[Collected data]
* * * * * * * * *
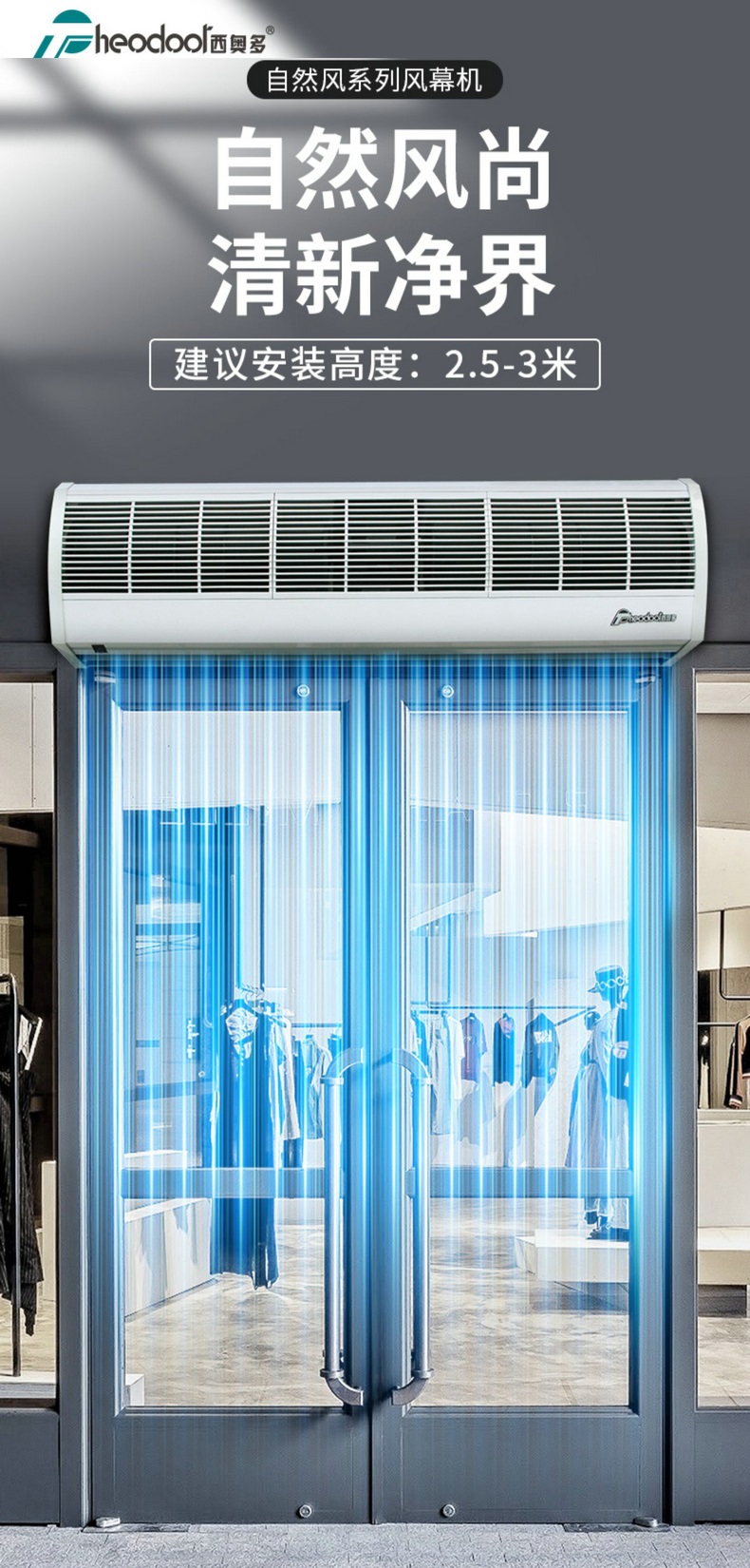 西奥多风幕机,具有款式新颖,造型美观,风速高,噪音低,安装简单的特点.
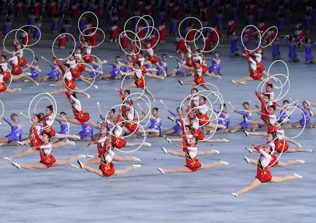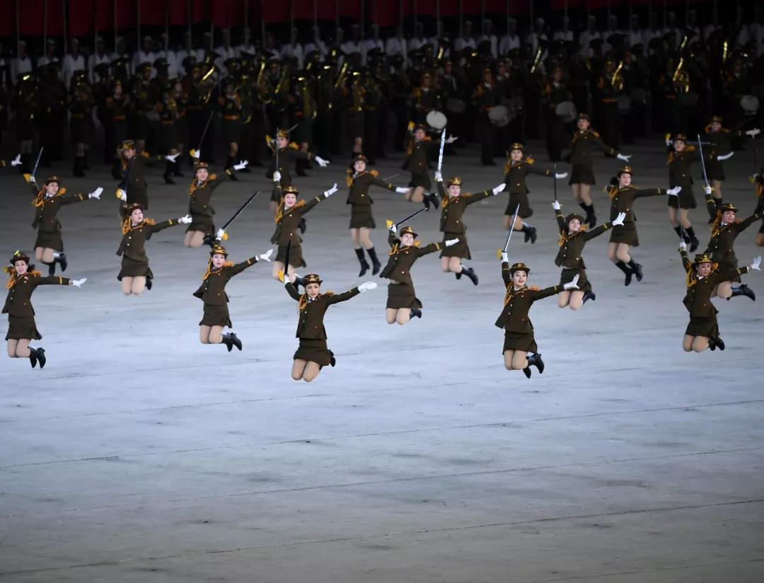 ▲2018年9月9日,演員在平壤綾羅島“五一”體育場(chǎng)表演“輝煌的祖國(guó)”。
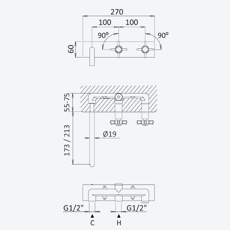 Bruma Imperial Bateria umywalkowa 210 mm podtynkowa Chrom 1170104CR
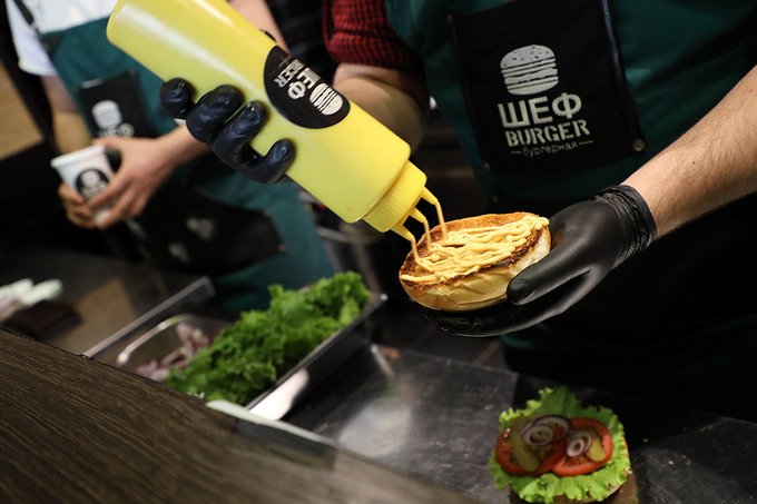 When ordering Mega- and VIP- burgers, the waiter makes an order to the guest, all this is accompanied by 5 bells and a firework.
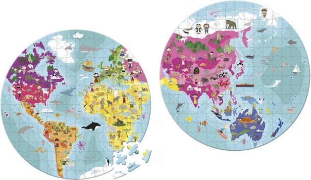 Entdecke die Welt mit Kindern dank des runden JANOD-Puzzles mit Globusmotiv. Dieses hochwertige Puzzle mit einem Durchmesser von 50 cm bietet 208 Teile, die östliche und westliche Hemisphäre mit Tierillustrationen zeigen. Ideal zum Lernen durch Spiel, zur Förderung von Geduld, Feinmotorik und räumlicher Vorstellungskraft – alles in einer praktischen Koffer-Verpackung.
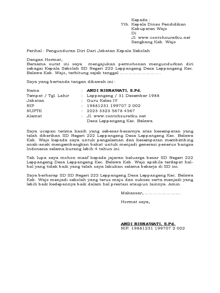 Wajo perihal pengunduran diri dari jabatan kepala sekolah dengan hormat bersama surat ini saya mengajukan permohonan mengundurkan diri sebagai kepala sekolah sd negeri 222 leppangeng desa leppangeng kec. Misalnya saja pernyataan tertulis dari atas nama sekolah. Terlebih untuk urusan penggunaan surat pribadi bisa dikatakan sudah sangat sulit ditemukan sekarang ini.
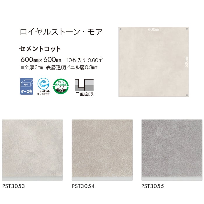 「フロアタイル 東リ ロイヤルストーン・モア セメントコット 600×600 10枚入」 は廃盤のため、販売終了いたしました。
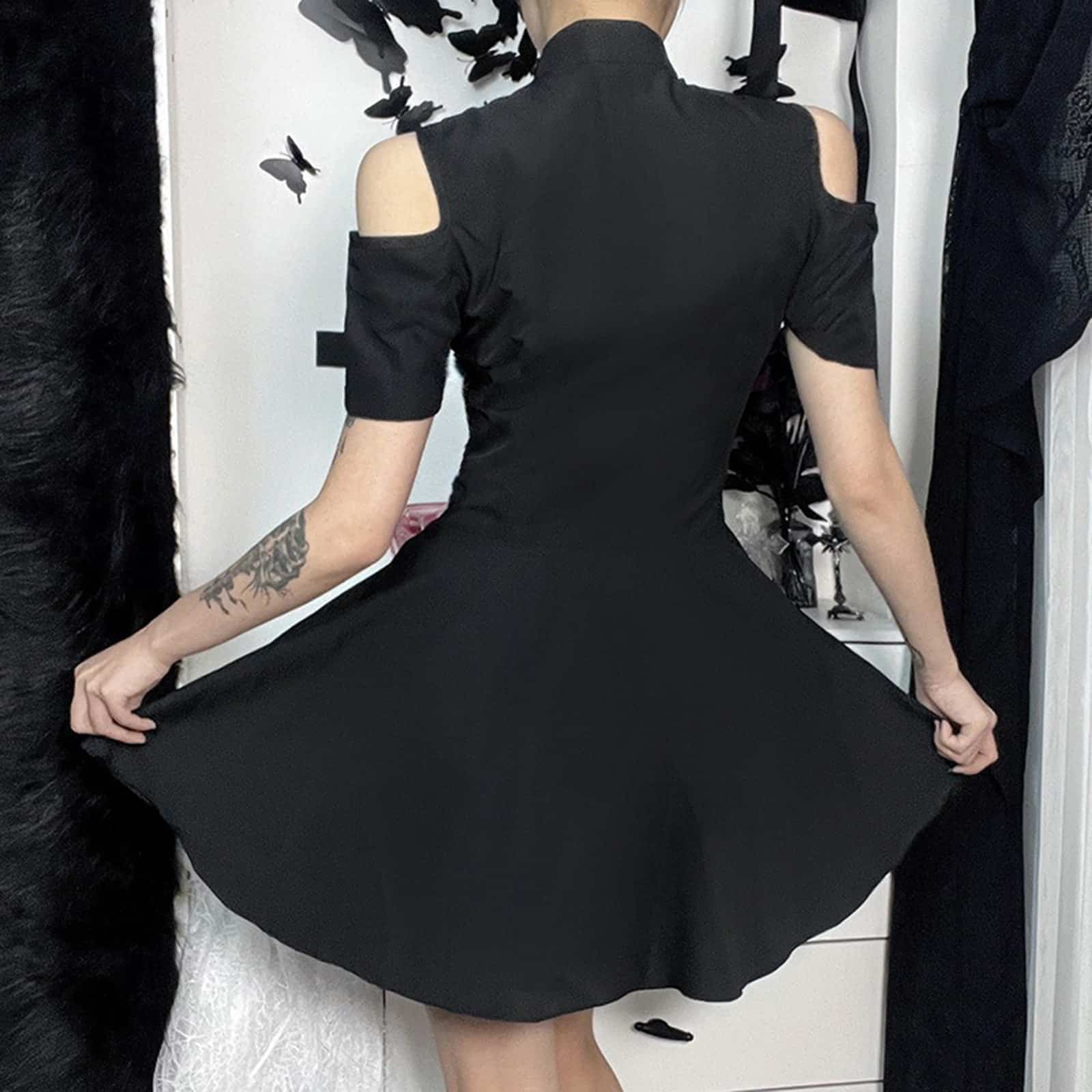 Schulterfreies Techwear Kleid mit breitem Ausschnitt und Schnallenverschluss am Halsausschnitt. Mit Frontreißverschluß und seitlichen Zierschnallen. Der Rockteil ist übbig geschnitten.
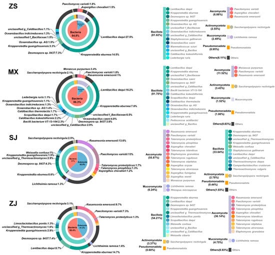 The prokaryotes in the four samples were mainly composed of Bacillota at the phylum level, accounting for 90.9–95.4% of the total prokaryotes, followed by Actinomycetota (3.0–7.5%) and Pseudomonadota (1.0–1.2%). At the species level, seventeen dominant bacteria (relative abundance > 1%) were found in the four samples, three of these dominant bacteria, namely, Kroppenstedtia eburnean, Desmospora sp. 8437, and Kroppenstedtia guangzhouensis, were shared among the four samples. MX had the largest number of dominant bacterial species (15) and the most unique dominant fungi (6), which might be the reason behind its lowest Simpson index and highest Shannon index (Figure S3). Different from MX, ZS and ZJ had higher Simpson indices and lower Shannon indices, indicating that a relatively small number of bacteria dominated their bacterial communities. This finding explained why ZS and ZJ had a similar proportion of bacterial abundance to MX, but the number of their dominant bacterial species (8) was far less than that of MX. Eukaryotes were mainly composed of Ascomycota at the phylum level, accounting for 48.8–88.84% of the total eukaryotes, followed by Mucoromycota (9.9–17.6%). At the species level, six dominant fungi were found, including Paecilomyces variotii that was shared among the four samples. According to the α-diversity indices, SJ had the highest eukaryotic richness (ACE index and Chao index) and diversity (Shannon index), probably because it had the largest proportion of relative abundance of eukaryotes. Meanwhile, there was no significant difference in the Simpson index of eukaryotes, indicating that the dominance degrees of the dominant fungi in the four samples were similar.
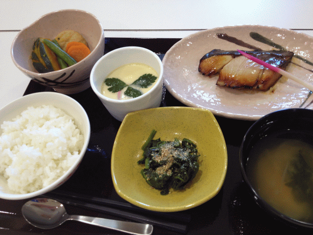 1.ブリの照り焼き 2.茶碗蒸し 3.ホウレンソウのおひたし 4.カボチャの煮込み
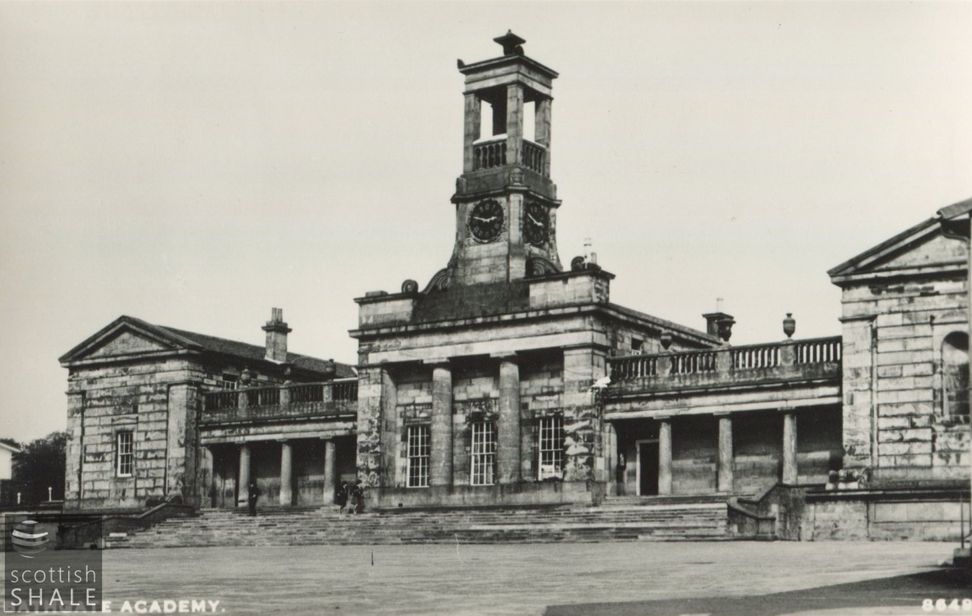 Postcard - "Bathgate Academy" B&W photographic photo showing the front elevation of Bathgate Academy
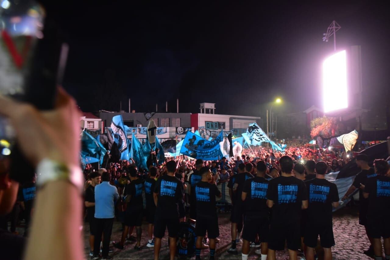 Las puertas del hotel Quinto Centenario, allí donde concentra el plantel de Belgrano, se transformó en una de las cabeceras del Gigante de Alberdi con una multitud de hinchas que fueron a darle su apoyo al plantel que espera el clásico de este domingo a las 16.45 ante Talleres en el estadio Mario Kempes.
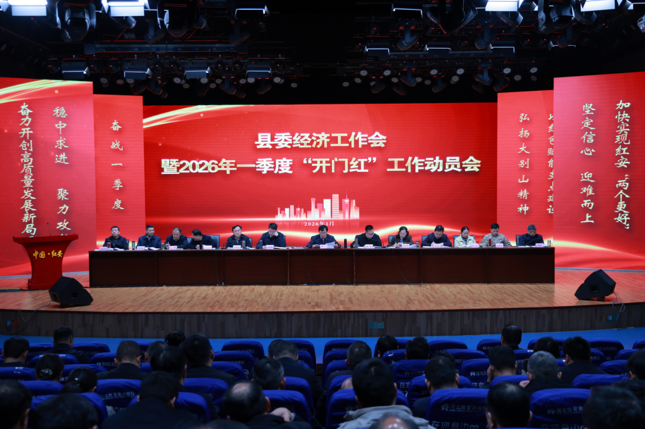 红安网消息 1月10日上午,红安县委经济工作会暨2026年一季度“开门红”工作动员会召开,深入贯彻党的二十届四中全会和中央、省委、市委经济工作会议精神,总结全县2025年经济工作,安排部署2026年经济工作和一季度“开门红”工作。红安县委书记胡广主持会议并讲话,红安县委副书记、代县长钟林作工作部署,张思路、张凤珍、余宏波、段炎涛、熊孟元、韩琼、阮璘、赵湘伟、高金磊、刘晓军、余品祥等县“四大家”领导班子成员及其他县级领导,各乡镇(场、处)党政主职、项目秘书,县直各单位主要负责人,工业经济产值增长重点企业和春节不停产重点企业负责人,红色火种特训营学员等参加会议。
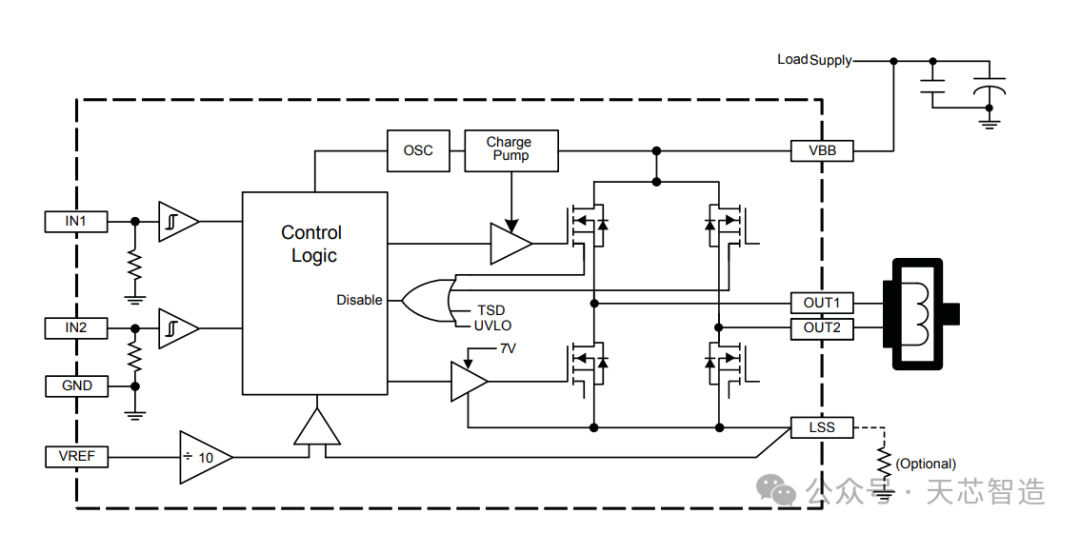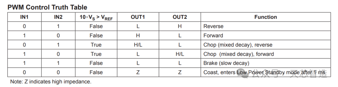其中IN1和IN2是作為PWM的輸入,具體請參考芯片手冊上的真值表。
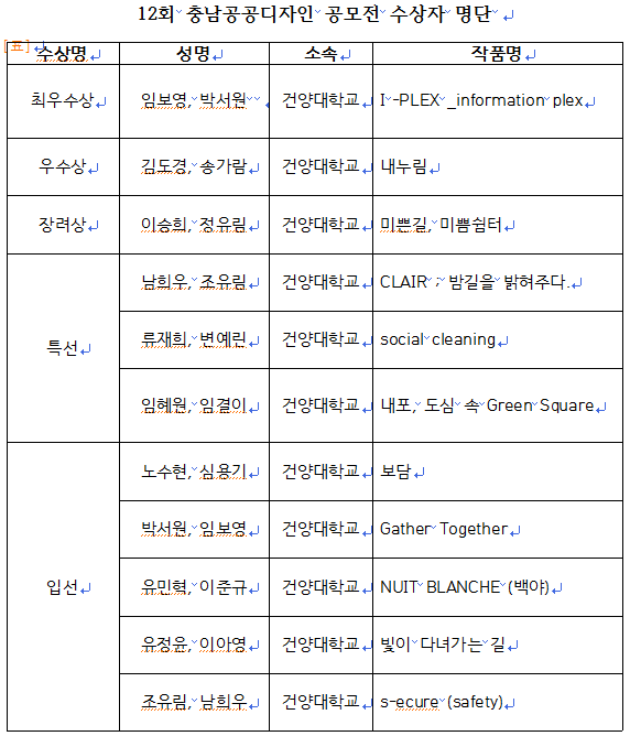 | 제목 | 제12회 충남공공디자인공모전 2년 연속 최우수상 수상 | ||||
* * * * * * * * *
◆ YOUR ASSIGNMENT ◆
The data must be reproduced exactly, and no picture may appear in the copy.

◆ EXERCISE ANSWER ◆
 西奥多风幕机,具有款式新颖,造型美观,风速高,噪音低,安装简单的特点.
 ▲2018年9月9日,演員在平壤綾羅島“五一”體育場(chǎng)表演“輝煌的祖國(guó)”。
 Bruma Imperial Bateria umywalkowa 210 mm podtynkowa Chrom 1170104CR
 When ordering Mega- and VIP- burgers, the waiter makes an order to the guest, all this is accompanied by 5 bells and a firework.
 Entdecke die Welt mit Kindern dank des runden JANOD-Puzzles mit Globusmotiv. Dieses hochwertige Puzzle mit einem Durchmesser von 50 cm bietet 208 Teile, die östliche und westliche Hemisphäre mit Tierillustrationen zeigen. Ideal zum Lernen durch Spiel, zur Förderung von Geduld, Feinmotorik und räumlicher Vorstellungskraft – alles in einer praktischen Koffer-Verpackung.
 Wajo perihal pengunduran diri dari jabatan kepala sekolah dengan hormat bersama surat ini saya mengajukan permohonan mengundurkan diri sebagai kepala sekolah sd negeri 222 leppangeng desa leppangeng kec. Misalnya saja pernyataan tertulis dari atas nama sekolah. Terlebih untuk urusan penggunaan surat pribadi bisa dikatakan sudah sangat sulit ditemukan sekarang ini.
 「フロアタイル 東リ ロイヤルストーン・モア セメントコット 600×600 10枚入」 は廃盤のため、販売終了いたしました。
 Schulterfreies Techwear Kleid mit breitem Ausschnitt und Schnallenverschluss am Halsausschnitt. Mit Frontreißverschluß und seitlichen Zierschnallen. Der Rockteil ist übbig geschnitten.
 The prokaryotes in the four samples were mainly composed of Bacillota at the phylum level, accounting for 90.9–95.4% of the total prokaryotes, followed by Actinomycetota (3.0–7.5%) and Pseudomonadota (1.0–1.2%). At the species level, seventeen dominant bacteria (relative abundance > 1%) were found in the four samples, three of these dominant bacteria, namely, Kroppenstedtia eburnean, Desmospora sp. 8437, and Kroppenstedtia guangzhouensis, were shared among the four samples. MX had the largest number of dominant bacterial species (15) and the most unique dominant fungi (6), which might be the reason behind its lowest Simpson index and highest Shannon index (Figure S3). Different from MX, ZS and ZJ had higher Simpson indices and lower Shannon indices, indicating that a relatively small number of bacteria dominated their bacterial communities. This finding explained why ZS and ZJ had a similar proportion of bacterial abundance to MX, but the number of their dominant bacterial species (8) was far less than that of MX. Eukaryotes were mainly composed of Ascomycota at the phylum level, accounting for 48.8–88.84% of the total eukaryotes, followed by Mucoromycota (9.9–17.6%). At the species level, six dominant fungi were found, including Paecilomyces variotii that was shared among the four samples. According to the α-diversity indices, SJ had the highest eukaryotic richness (ACE index and Chao index) and diversity (Shannon index), probably because it had the largest proportion of relative abundance of eukaryotes. Meanwhile, there was no significant difference in the Simpson index of eukaryotes, indicating that the dominance degrees of the dominant fungi in the four samples were similar.
 1.ブリの照り焼き 2.茶碗蒸し 3.ホウレンソウのおひたし 4.カボチャの煮込み
 Postcard - "Bathgate Academy" B&W photographic photo showing the front elevation of Bathgate Academy
 Las puertas del hotel Quinto Centenario, allí donde concentra el plantel de Belgrano, se transformó en una de las cabeceras del Gigante de Alberdi con una multitud de hinchas que fueron a darle su apoyo al plantel que espera el clásico de este domingo a las 16.45 ante Talleres en el estadio Mario Kempes.
 红安网消息 1月10日上午,红安县委经济工作会暨2026年一季度“开门红”工作动员会召开,深入贯彻党的二十届四中全会和中央、省委、市委经济工作会议精神,总结全县2025年经济工作,安排部署2026年经济工作和一季度“开门红”工作。红安县委书记胡广主持会议并讲话,红安县委副书记、代县长钟林作工作部署,张思路、张凤珍、余宏波、段炎涛、熊孟元、韩琼、阮璘、赵湘伟、高金磊、刘晓军、余品祥等县“四大家”领导班子成员及其他县级领导,各乡镇(场、处)党政主职、项目秘书,县直各单位主要负责人,工业经济产值增长重点企业和春节不停产重点企业负责人,红色火种特训营学员等参加会议。
其中IN1和IN2是作為PWM的輸入,具體請參考芯片手冊上的真值表。
 | 제목 | 제12회 충남공공디자인공모전 2년 연속 최우수상 수상 | ||||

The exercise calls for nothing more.